** Material provided follows **

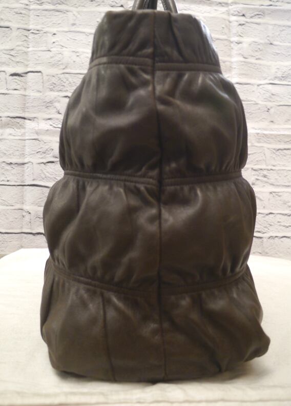 ◆PRADA プラダ A4対応 ビジネス可 ギャザーデザイン レザー トート ハンド バッグ 茶◆ 使い勝手の良いオールレザーの万能トートモデル♪
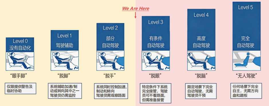 目前行业处于L2辅助驾驶阶段,从L2到L3有一个非常重要的变化,即驾驶责任转移,由原来的驾驶员承担转为系统承担。
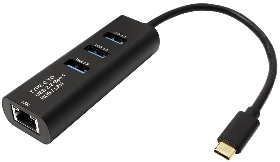 Adaptér pro připojení Ethernet sítě do PC přes USB C konektor. S 3 portovým USB 5Gb/s (USB 3.2 Gen.1 / USB 3.0) hubem.
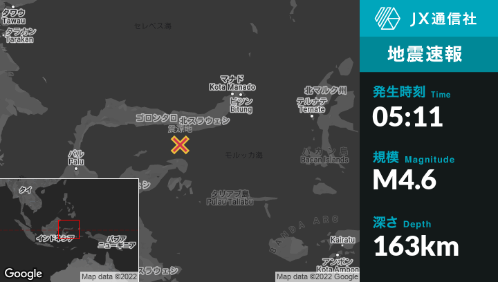 9月08日 05:11頃、インドネシアのGorontaloから南南東64kmの地点でM4.6の地震がありました。

** End of Material provided **

*Task*: Skip the pictures and write out exactly the lines from the line containing "目前行业处于L2辅助驾驶阶段" through the end of the listing above.

*Solution for this task*:
 目前行业处于L2辅助驾驶阶段,从L2到L3有一个非常重要的变化,即驾驶责任转移,由原来的驾驶员承担转为系统承担。
 Adaptér pro připojení Ethernet sítě do PC přes USB C konektor. S 3 portovým USB 5Gb/s (USB 3.2 Gen.1 / USB 3.0) hubem.
 9月08日 05:11頃、インドネシアのGorontaloから南南東64kmの地点でM4.6の地震がありました。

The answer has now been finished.